The pendulum points above and discussed below show the decades-long tension between institutional control and athletes’ rights, between past and future, and between mythology and reality.

 A. The Red Ball (NCAA Deference “Stuck Point” 1956 – 2014)        

The red ball represents the monopoly the NCAA (and later the Power 5) has had over the regulation and business model of college sports. This is the “stuck” point in favor of NCAA/Power 5 interests.

The college sports regulatory and business models have been in this position since the 1950s and have barely budged.

Throughout this era of allegiance to NCAA authority, stakeholders and consumers have been conditioned to think about college sports and the relationship between athletes and institutions through the lens of “amateurism,” the “student-athlete,” and the “collegiate model.”

These foundational mythologies of college sports have acquired an unchallengeable secondary meaning in American culture as expressions of integrity and virtue. The NCAA and Power 5 have positioned these values as a “clear line of demarcation” between college and professional sports.

Crucial external decision-makers such as federal courts, Congress, state legislatures, and administrative agencies have routinely “bent the knee” to the NCAA and reinforce its place as the only legitimate occupant of the Iron Throne of college sports regulation.

Through decades of NCAA propaganda and cultural acquiesence to college sports’ mythology, most Americans view the NCAA/Power 5 “stuck” position as true equilibrium and the starting point for assessing athletes’ interests and “progress.”

 

 B. The Blue Ball (Cumulative Impact of Athlete Challenges to NCAA Amateurism-Based Limits in 21st Century)

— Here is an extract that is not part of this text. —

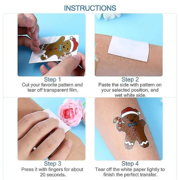 DescriptionThis item includes 72 pcs of self-adhesive stickers in 18 patterns intotal. The patterns are Christmas themed such as Santa Claus, reindeer, snowflake, snowman, jingle bell, Christmas tree, Santa hat, gingerbread man and more. The style is lovely with attractive colors and patterns. Its easy to stick and can maintain for a longer time. You will have a memorable and funny Christmas party time with it.Features- Brand: TINKSKY- Color: Shown in the pictures- Material: Transfer paper- Size: Approx. 5.5 x 5.5 x 5.5 cm/ 2.16 x 2.16 x 2.16 inch (LxWxH)- Self-design and lovely Christmas Decorations to increase feast fun.- Diverse Design: 18 different types in 4 sets, which includes Santa Claus, reindeer, snowflake, snowman, jingle bell, Christmas tree, Santa hat, gingerbread man and more, enough patterns for your options.- Practical and Convenient: Long-lasting viscosity. Not easy to remove it even when bathing.- Great Gift Choice. It is suitable for parents to give children as gifts or to exchange gifts between children.- Wide Application: Waterproof and sweat-resistant, can be used on: skin, pottery, metal, glass and so on.- Application Method: Select your desired pattern. Tear off the paper. Stick the front of pattern on your skin. Use a damp cloth or sponge gently wipe the stickers until wet, keep pushing forcibly about 20S or so.- Cleaning method: Rub gently with a lotion, BB oil or alcohol until the completely disappear, then you can remove the pattern of paper.- Precaution: Users with sensitive skin should use cautiously. Do not use on wound side.- Key tips below:1. Before opening the backing paper, please wipe the sticker gently with a damp cloth or a sponge until it is completely wet. Do not rub until the pattern is dry

This pendulum point represents the net progress in athletes’ rights in the 21st century. 

In the space between the red and blue balls sits

(1) federal antitrust litigation (permissive full cost of attendance benefit from O’Bannon in 2015, permissive education benefits from Alston in 2021),

(2) permissive Power 5 Autonomy legislation benefits (2014-2015),

(3) employee status fact-finding through an administrative agency (Northwestern NLRB action in 2014 and the USC and Dartmouth NLRB cases from 2022-2024),

(4) NIL opportunities for deals with third parties (2021), and

(5) the one-time transfer option (2021).

Is this progress from the 1956 athletic scholarship? Yes. 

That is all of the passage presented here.